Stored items
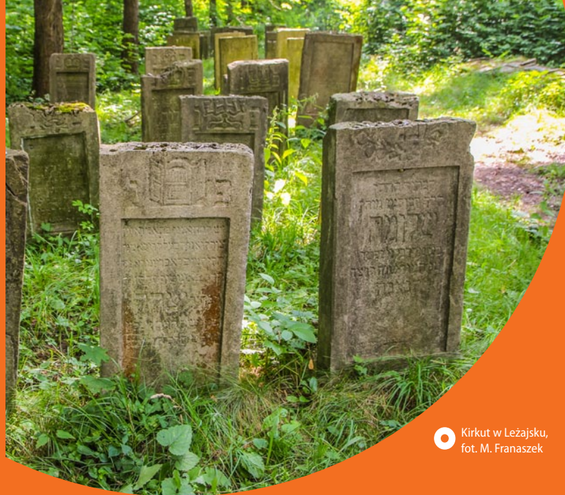
○ Kirkut w Leżajsku

uprawne i bardzo łatwy dostęp do dobrej jakościowo gliny sprawiły, że wyrób garnków stał się tu zajęciem powszechnym, którym się trudniły całe rodziny. Warto zwiedzić powstałą w 2001 r. Zagrodę Garncarską, tworzoną przez kilka XIX-wiecznych budynków mieszkal-
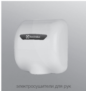
электросушители для рук
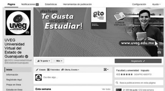
UVEG / Universidad Virtual del Estado de Guanajuato

En la actualidad la UVEG cuenta con dos Fan Page oficiales verificadas y validadas por Facebook (palomita en círculo): UVEG / Universidad Virtual del Estado de Guanajuato y Telebachillerato Comunitario de UVEG , tal como se muestra en la figura 4.
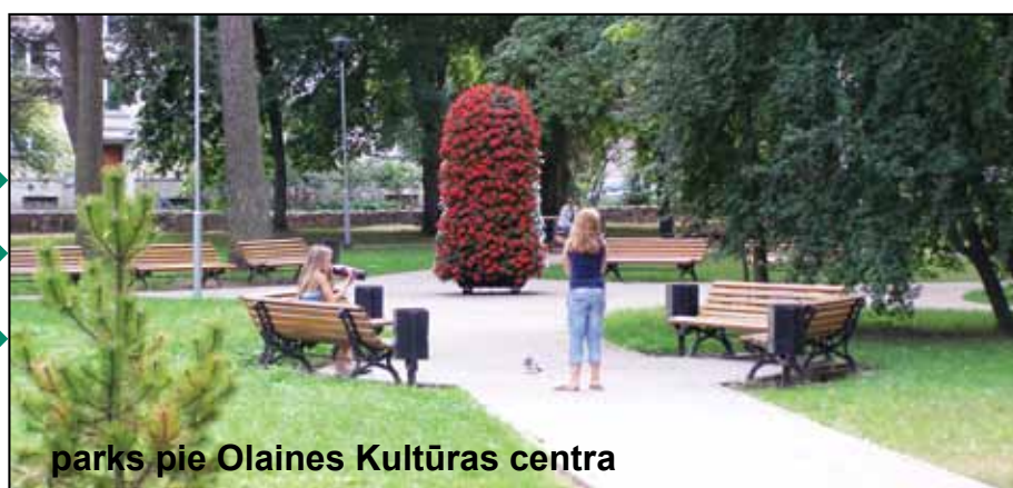
parks pie Olaines Kultūras centra
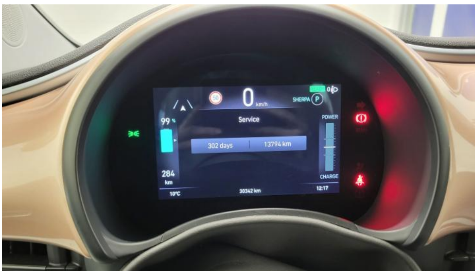
Fot. 34. Książka serwisowa – ostatni przegląd
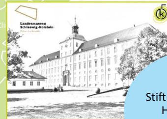
Stiftung Schleswig- Holsteinische Landesmuseen
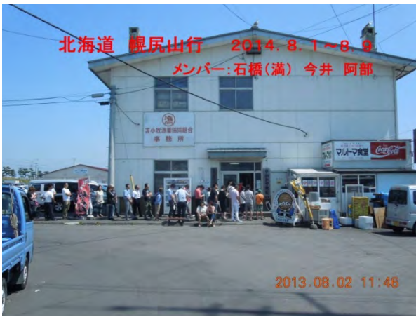
苫小牧港 マルトマ食堂
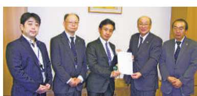
初鹿明博議員 (維新の党・東京16区)
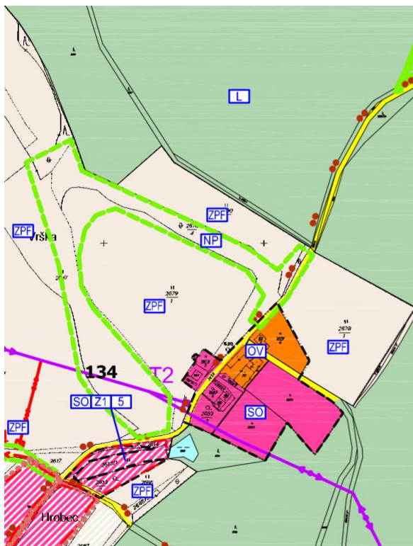
Výřez z ÚP – k.ú. Poněšice

Návrhem dochází k záboru ZPF, nedojde však k narušení celistvosti zemědělsky obhospodařovaných ploch.
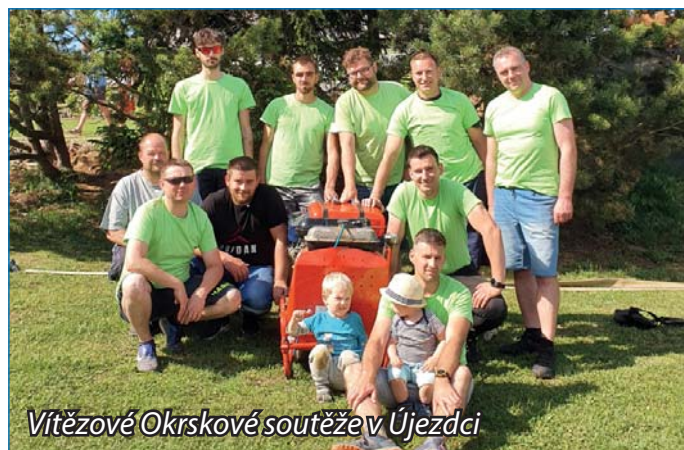
Vítězné Okrskové soutěže v Újezdci
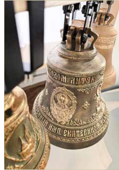
Подарок музею из Москвы.

И «вознесоша его на колокольную на площади с прочими колоколами звонити», — сообщает нам Софийская I летопись о судьбе новгородского вечевых колокола, увезённого в 1478 году в Москву. Может, и не надо было тут об этом вспоминать, но ведь — февраль. Во всём виноват февраль.
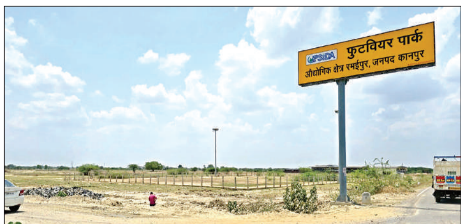
रमईपुर में फुटवेयर पार्क विकसित किया जा रहा है।

यूपीसीडा की ओर से यह फुटवेयर पार्क सूक्ष्म, लघु एवं मध्यम उद्यमों (एमएसएमई) को एकीकृत एवं आधुनिक सुविधाएं प्रदान करने के लिए विकसित किया जा रहा है। पार्क के पहले चरण में प्रस्तावित 75 औद्योगिक भूखंडों में से 26 भूखंड 4600 रुपये प्रति वर्ग मीटर की दर से उपलब्ध कराए गए हैं। आवंटन प्रक्रिया के तहत निवेशकों को आवेदन के साथ भूमि मूल्य का 5 फीसदी अग्रिम भुगतान करना होगा। इसके बाद आवंटन पत्र जारी होने के 60 दिनों के भीतर
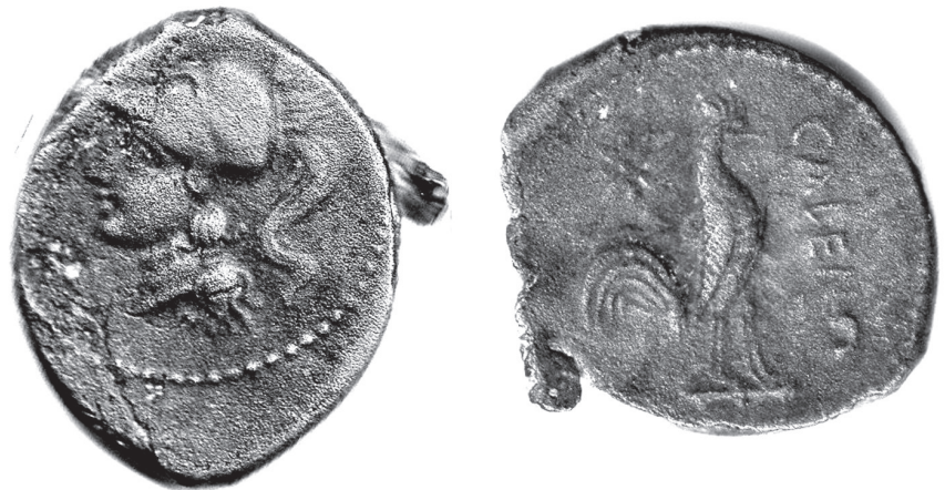
7. kép. Calesi bronzérme. Biassono Városi Múzeum, M.91.34.18. 6,25 g

A calesi menekültek, egykori vendégeik vendégeiként, a legnépesebb és legtekintélyesebb csoportot képezhették a boiú-

Problem statement: Among the entries above, take the lines from the one with "En la actualidad" through the one with "Подарок музею из Москвы." and retype them exactly, leaving out the pictures.

Result for this task:
En la actualidad la UVEG cuenta con dos Fan Page oficiales verificadas y validadas por Facebook (palomita en círculo): UVEG / Universidad Virtual del Estado de Guanajuato y Telebachillerato Comunitario de UVEG , tal como se muestra en la figura 4.
parks pie Olaines Kultūras centra
Fot. 34. Książka serwisowa – ostatni przegląd
Stiftung Schleswig- Holsteinische Landesmuseen
苫小牧港 マルトマ食堂
初鹿明博議員 (維新の党・東京16区)
Výřez z ÚP – k.ú. Poněšice

Návrhem dochází k záboru ZPF, nedojde však k narušení celistvosti zemědělsky obhospodařovaných ploch.
Vítězné Okrskové soutěže v Újezdci
Подарок музею из Москвы.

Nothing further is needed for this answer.